Duval Wapiwo

Personal information
- Full name: Duval Mba Wapiwo
- Date of birth: 20 January 2000 (age 25)
- Place of birth: Yaounde, Cameroon
- Height: 1.76 m (5 ft 9 in)
- Position: Midfielder

Team information
- Current team: Al-Rayyan
- Number: 20

Senior career*
- Years: Team / Apps / (Gls)
- –2019: Apejes FC de Mfou
- 2019–2021: MFK Vyškov / 0 / (0)
- 2019: → North Carolina FC (loan) / 5 / (0)
- 2020: → Sporting Kansas City II (loan) / 8 / (0)
- 2021–2022: Al-Madina SC / 0 / (0)
- 2022–2023: ES Sétif / 4 / (0)
- 2024–2025: Al-Sharq
- 2025–: Al-Rayyan

= Duval Wapiwo =

Cameroonian footballer (born 2000)

Duval Mba Wapiwo (born 20 January 2000) is a Cameroonian football player who currently plays for Saudi Second Division League club Al-Rayyan.

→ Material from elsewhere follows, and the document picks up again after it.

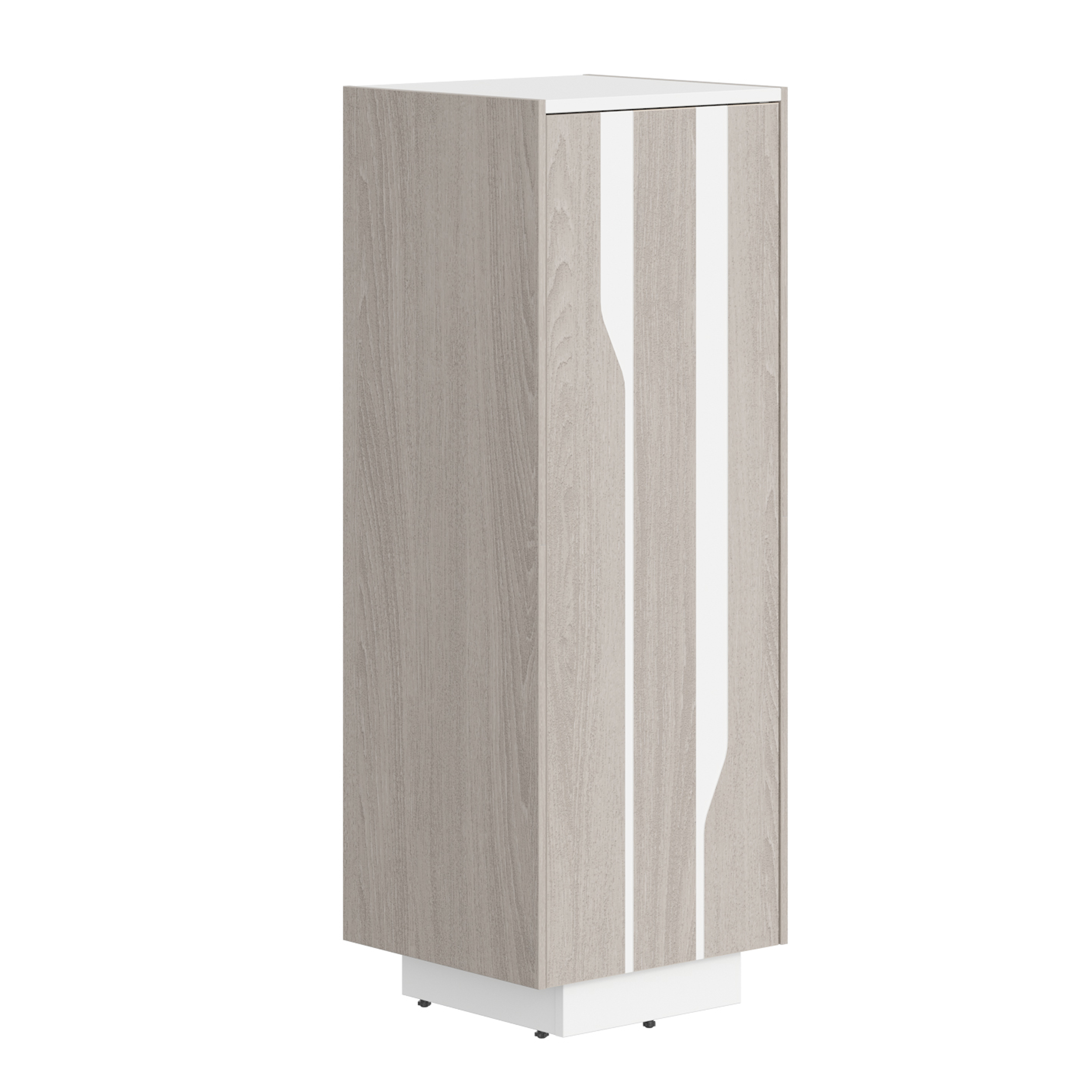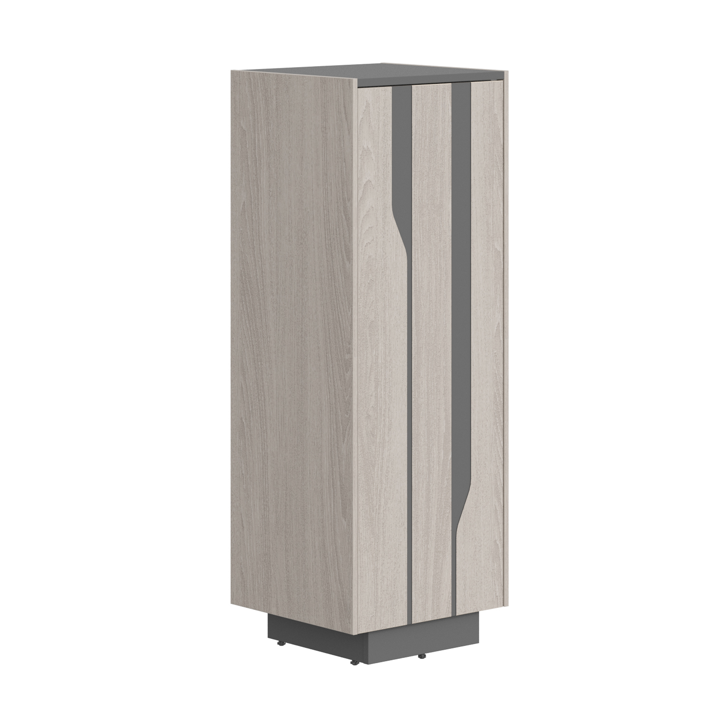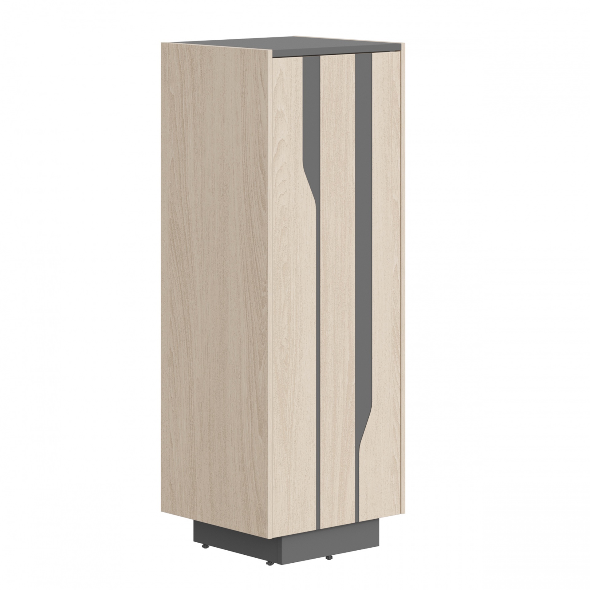 Внутренний каркас – ламинированная ДСП 18 мм, кромка ABS 0,8 мм. Наружные декоративные боковые панели – плита МДФ 12 мм, облицованная шпоном, кромка – натуральный шпон. Задняя стенка – плита ДСП 18 мм. В основании каркасов установлена цокольная коробка из плиты ДСП 18 мм. Опоры шкафа имеют регулировку по высоте: 0 - 12 мм. Двери - плита МДФ 19 мм, облицованная натуральным шпоном. На лицевой части фасада нанесен декоративный фигурный рисунок по технологии фрезерования поверхности с окрашиванием фрезерованной части цветной эмалью в цвет унидекора. Для открывания распашной дверей применяются петли системы «push to open».

Wapiwo joined USL Championship side North Carolina FC on loan for their 2019 season. After playing two games with NCFC in the 2019 U.S. Open Cup, Wapiwo made his league debut in a game against Loudoun United FC on 17 July 2019.

On 7 January 2020 he joined USL Championship side Sporting Kansas City II on loan.

In 2022, he joined ES Sétif.

On 19 May 2024, Wapiwo joined Saudi Second Division club Al-Sharq.

On 12 October 2025, Wapiwo joined Saudi Second Division club Al-Rayyan.